Records from a collection
============
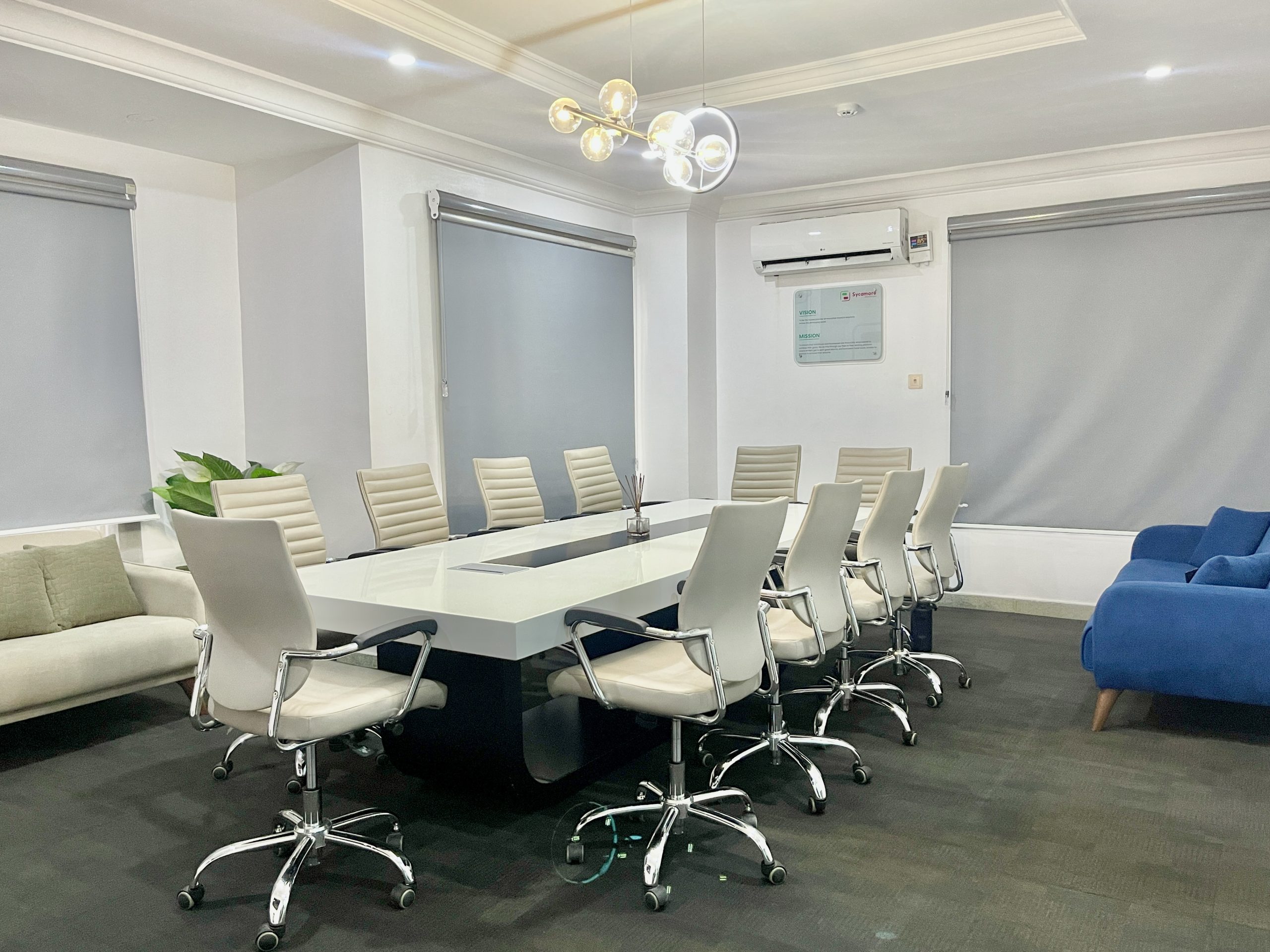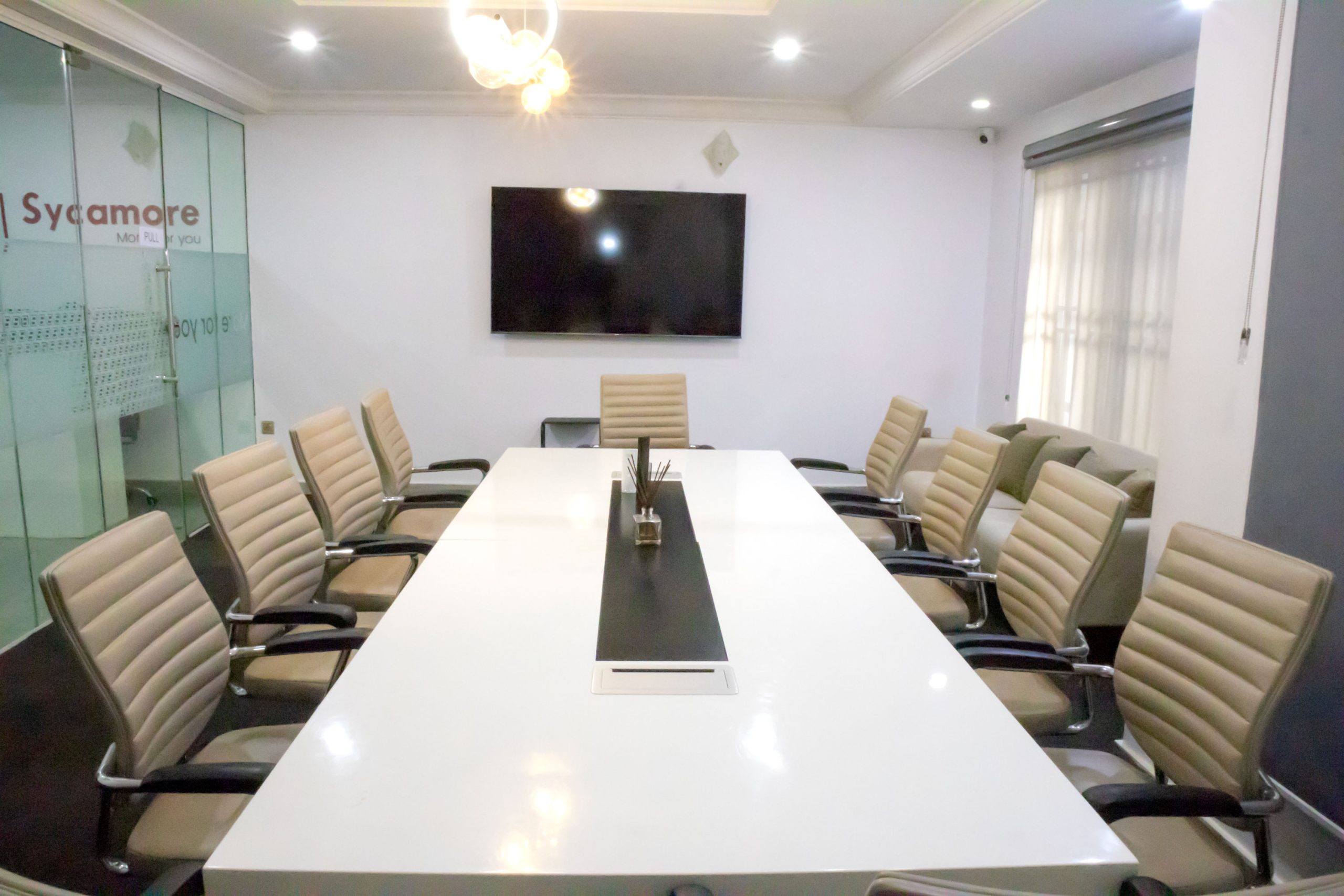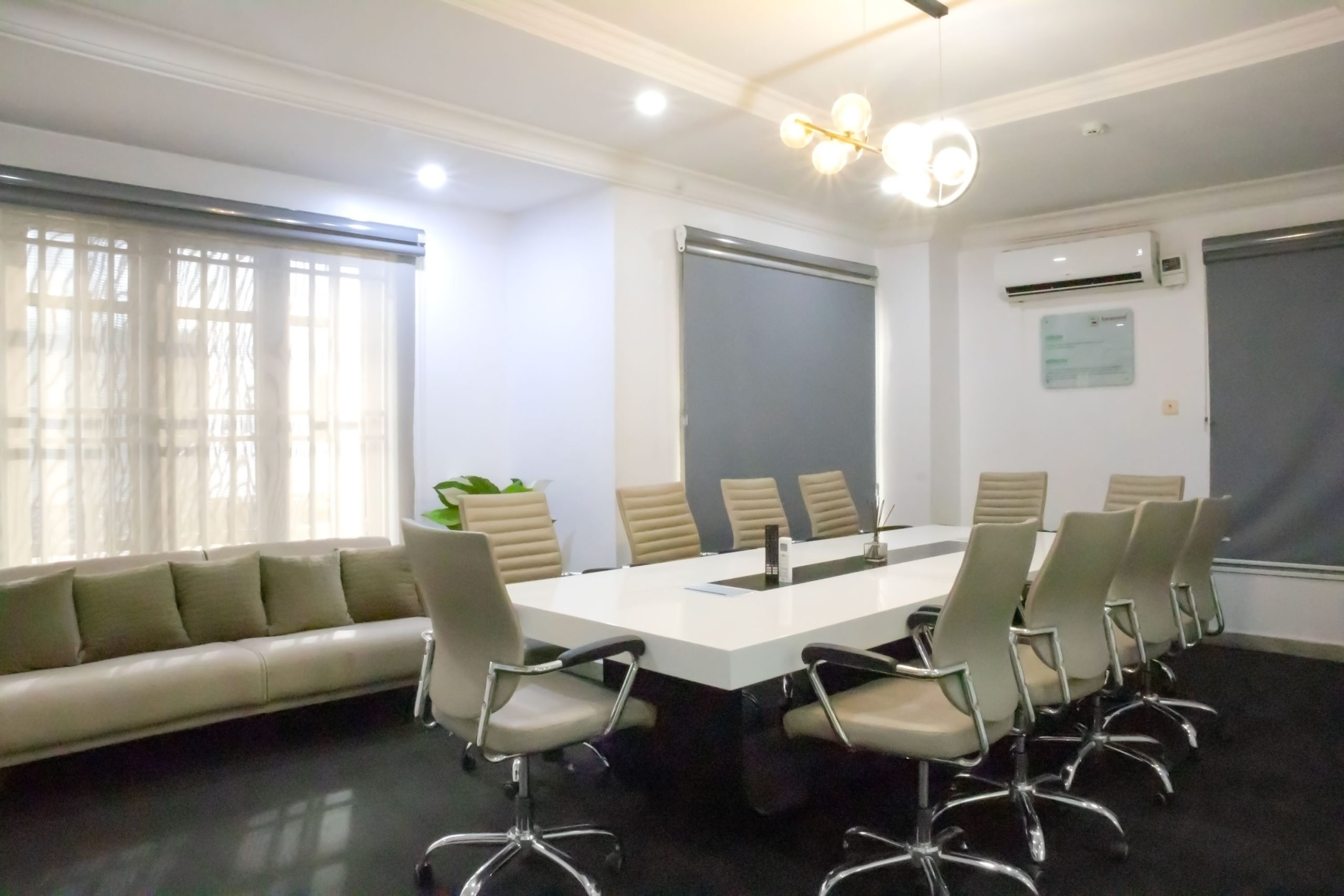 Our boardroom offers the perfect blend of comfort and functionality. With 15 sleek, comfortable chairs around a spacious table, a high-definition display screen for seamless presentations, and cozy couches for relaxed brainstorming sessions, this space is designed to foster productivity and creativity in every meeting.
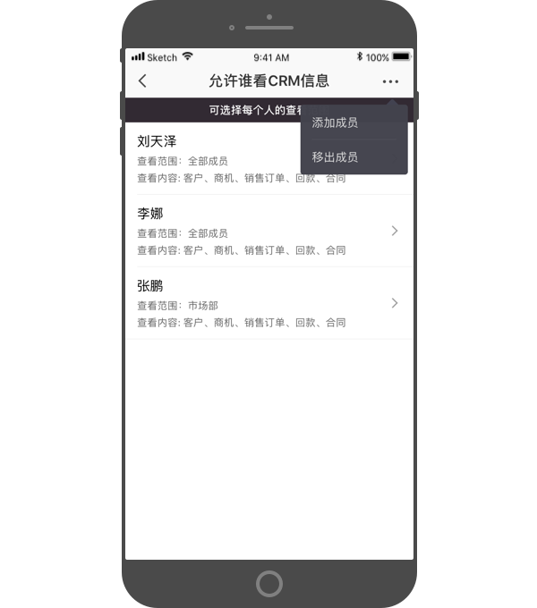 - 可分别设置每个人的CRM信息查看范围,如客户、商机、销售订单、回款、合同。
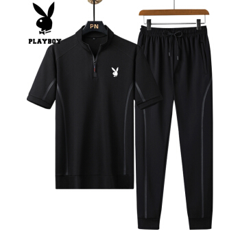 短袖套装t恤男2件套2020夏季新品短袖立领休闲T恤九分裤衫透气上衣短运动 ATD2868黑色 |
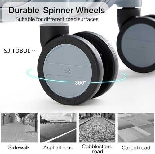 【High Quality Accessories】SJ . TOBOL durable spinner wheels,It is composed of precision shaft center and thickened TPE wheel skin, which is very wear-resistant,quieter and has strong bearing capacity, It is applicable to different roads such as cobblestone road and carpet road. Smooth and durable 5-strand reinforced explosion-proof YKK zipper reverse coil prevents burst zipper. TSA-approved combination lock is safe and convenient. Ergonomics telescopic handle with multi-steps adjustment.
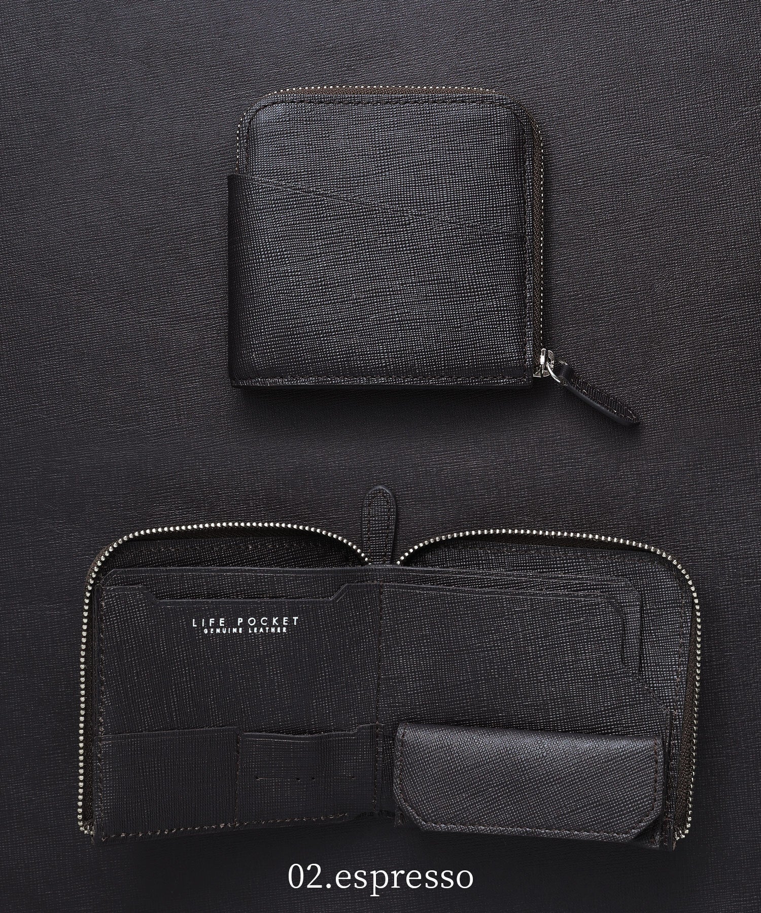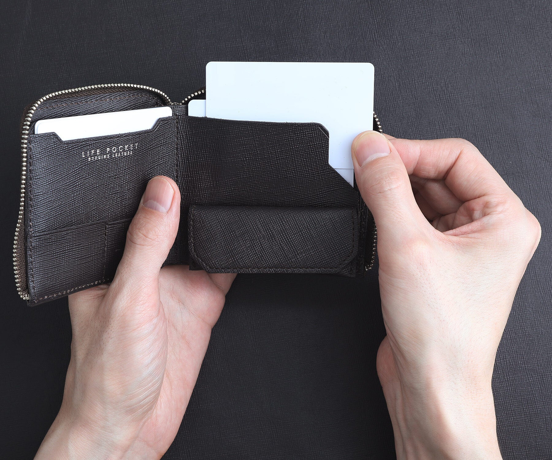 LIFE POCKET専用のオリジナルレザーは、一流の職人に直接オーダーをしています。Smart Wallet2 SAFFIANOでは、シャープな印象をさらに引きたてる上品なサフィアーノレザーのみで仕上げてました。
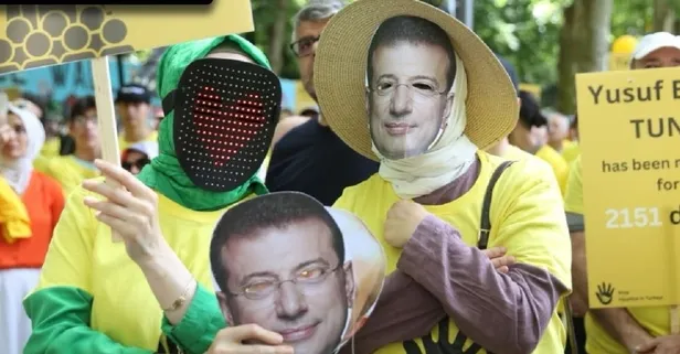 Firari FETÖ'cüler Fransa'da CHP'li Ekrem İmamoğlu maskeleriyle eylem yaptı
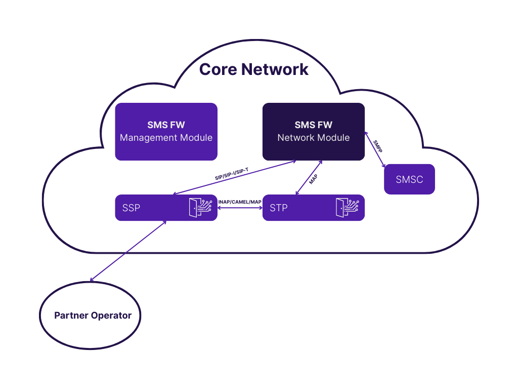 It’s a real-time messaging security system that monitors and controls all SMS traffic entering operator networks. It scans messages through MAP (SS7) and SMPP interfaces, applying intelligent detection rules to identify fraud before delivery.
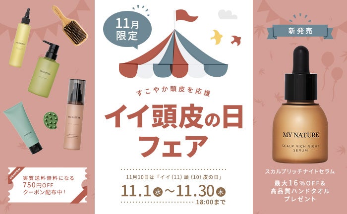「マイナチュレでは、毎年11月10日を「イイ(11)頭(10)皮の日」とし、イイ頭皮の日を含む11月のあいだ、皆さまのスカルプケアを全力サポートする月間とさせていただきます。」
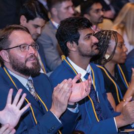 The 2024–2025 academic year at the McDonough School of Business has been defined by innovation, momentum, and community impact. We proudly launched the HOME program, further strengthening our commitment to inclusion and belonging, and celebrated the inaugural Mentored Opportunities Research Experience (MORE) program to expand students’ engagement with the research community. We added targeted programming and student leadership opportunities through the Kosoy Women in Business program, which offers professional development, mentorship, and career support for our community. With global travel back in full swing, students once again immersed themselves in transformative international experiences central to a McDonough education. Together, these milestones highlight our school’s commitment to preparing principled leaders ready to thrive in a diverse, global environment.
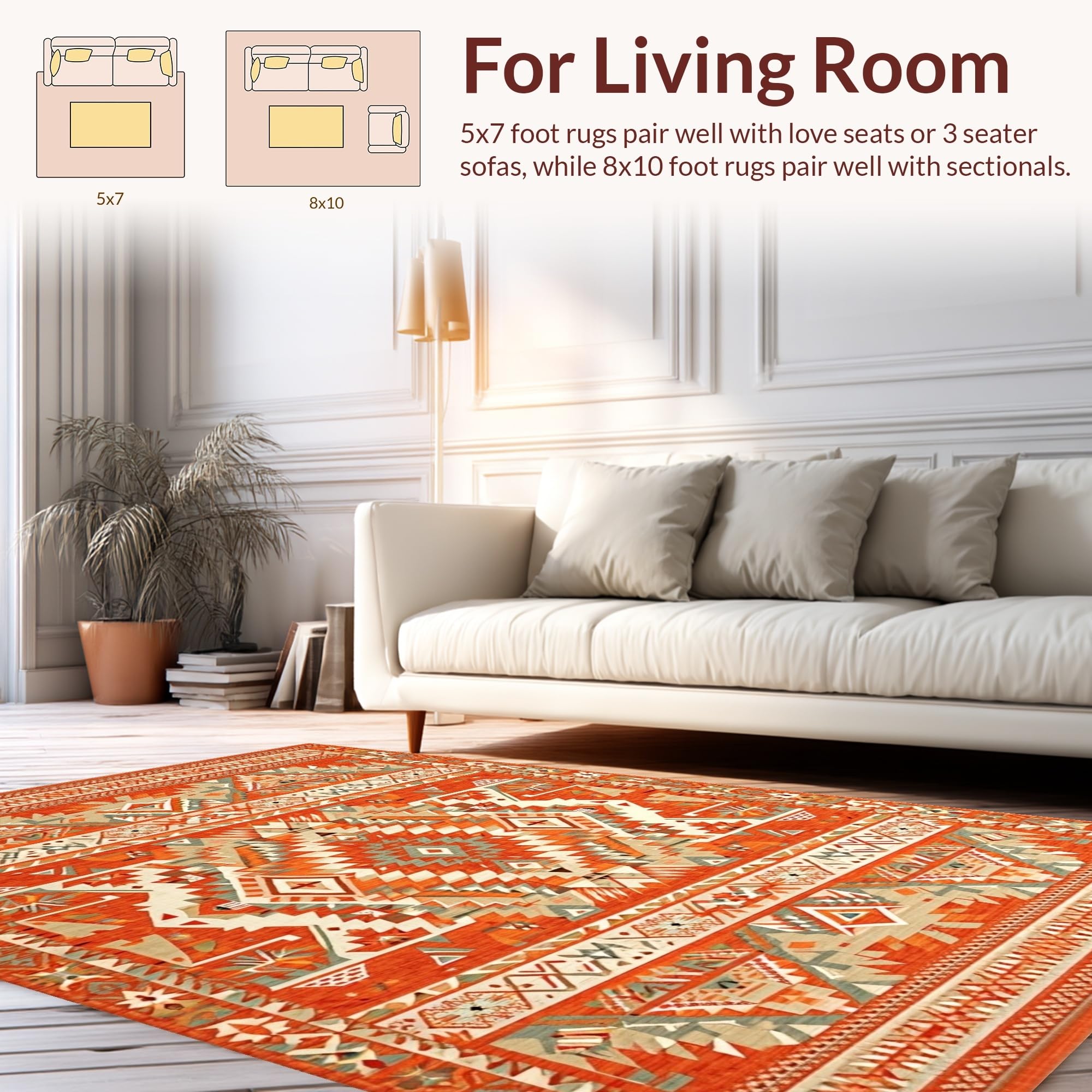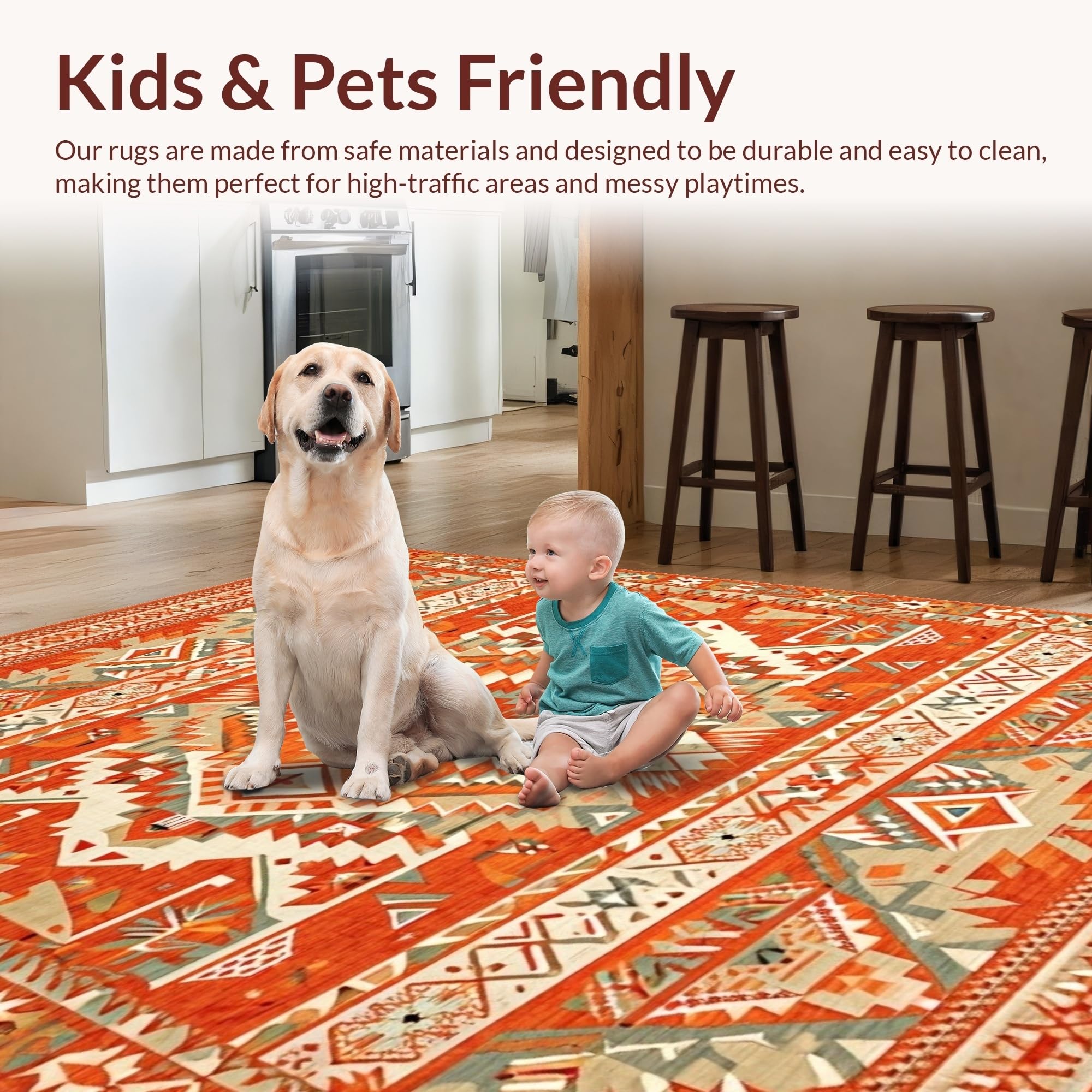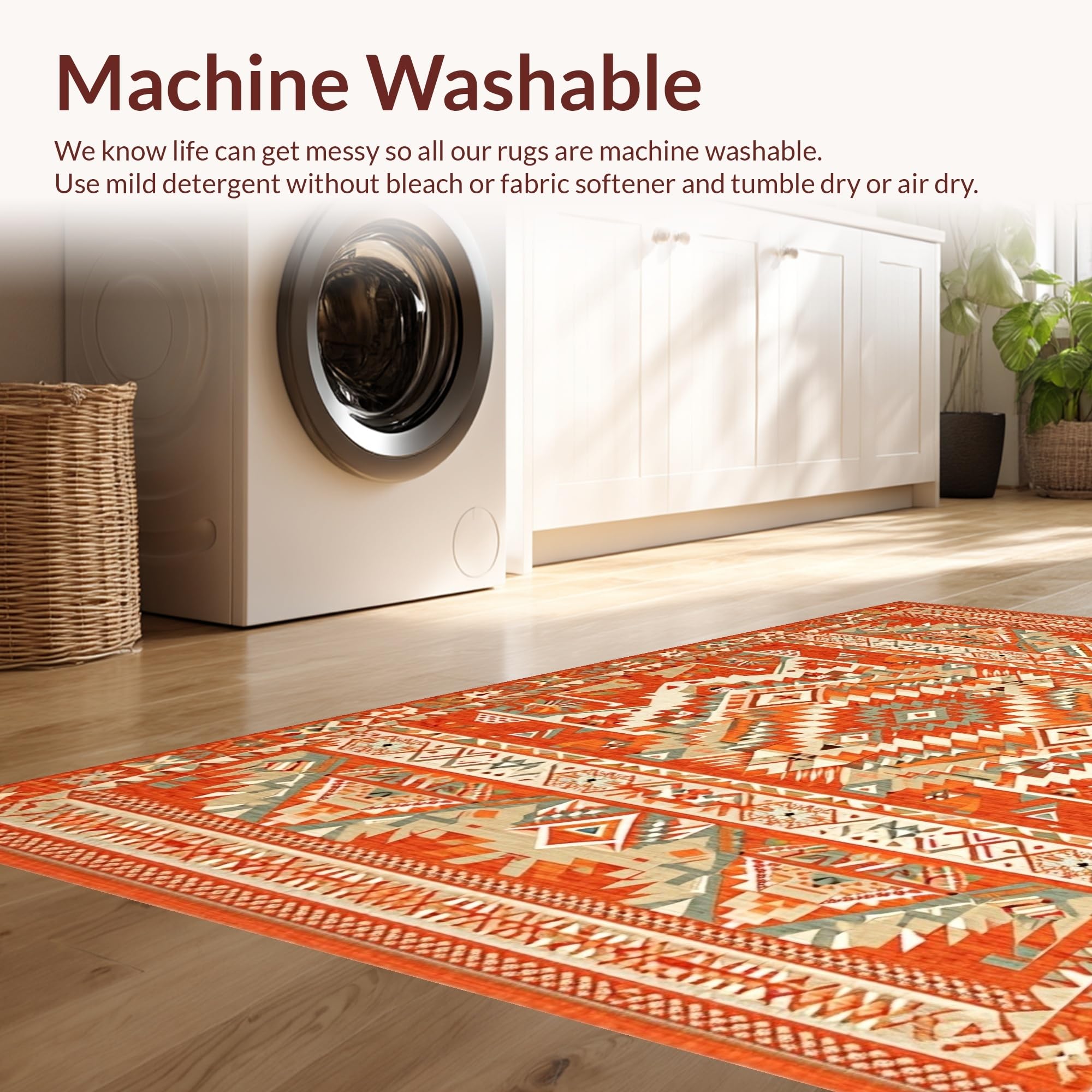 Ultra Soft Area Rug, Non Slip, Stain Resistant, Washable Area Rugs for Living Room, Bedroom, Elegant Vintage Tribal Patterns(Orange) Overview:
============
◆ Activity ◆
Return the entries above in full and unchanged, omitting every image.

◆ Response area ◆
 Our boardroom offers the perfect blend of comfort and functionality. With 15 sleek, comfortable chairs around a spacious table, a high-definition display screen for seamless presentations, and cozy couches for relaxed brainstorming sessions, this space is designed to foster productivity and creativity in every meeting.
 - 可分别设置每个人的CRM信息查看范围,如客户、商机、销售订单、回款、合同。
 短袖套装t恤男2件套2020夏季新品短袖立领休闲T恤九分裤衫透气上衣短运动 ATD2868黑色 |
 【High Quality Accessories】SJ . TOBOL durable spinner wheels,It is composed of precision shaft center and thickened TPE wheel skin, which is very wear-resistant,quieter and has strong bearing capacity, It is applicable to different roads such as cobblestone road and carpet road. Smooth and durable 5-strand reinforced explosion-proof YKK zipper reverse coil prevents burst zipper. TSA-approved combination lock is safe and convenient. Ergonomics telescopic handle with multi-steps adjustment.
 LIFE POCKET専用のオリジナルレザーは、一流の職人に直接オーダーをしています。Smart Wallet2 SAFFIANOでは、シャープな印象をさらに引きたてる上品なサフィアーノレザーのみで仕上げてました。
 Firari FETÖ'cüler Fransa'da CHP'li Ekrem İmamoğlu maskeleriyle eylem yaptı
 It’s a real-time messaging security system that monitors and controls all SMS traffic entering operator networks. It scans messages through MAP (SS7) and SMPP interfaces, applying intelligent detection rules to identify fraud before delivery.
「マイナチュレでは、毎年11月10日を「イイ(11)頭(10)皮の日」とし、イイ頭皮の日を含む11月のあいだ、皆さまのスカルプケアを全力サポートする月間とさせていただきます。」
 The 2024–2025 academic year at the McDonough School of Business has been defined by innovation, momentum, and community impact. We proudly launched the HOME program, further strengthening our commitment to inclusion and belonging, and celebrated the inaugural Mentored Opportunities Research Experience (MORE) program to expand students’ engagement with the research community. We added targeted programming and student leadership opportunities through the Kosoy Women in Business program, which offers professional development, mentorship, and career support for our community. With global travel back in full swing, students once again immersed themselves in transformative international experiences central to a McDonough education. Together, these milestones highlight our school’s commitment to preparing principled leaders ready to thrive in a diverse, global environment.
 Ultra Soft Area Rug, Non Slip, Stain Resistant, Washable Area Rugs for Living Room, Bedroom, Elegant Vintage Tribal Patterns(Orange) Overview:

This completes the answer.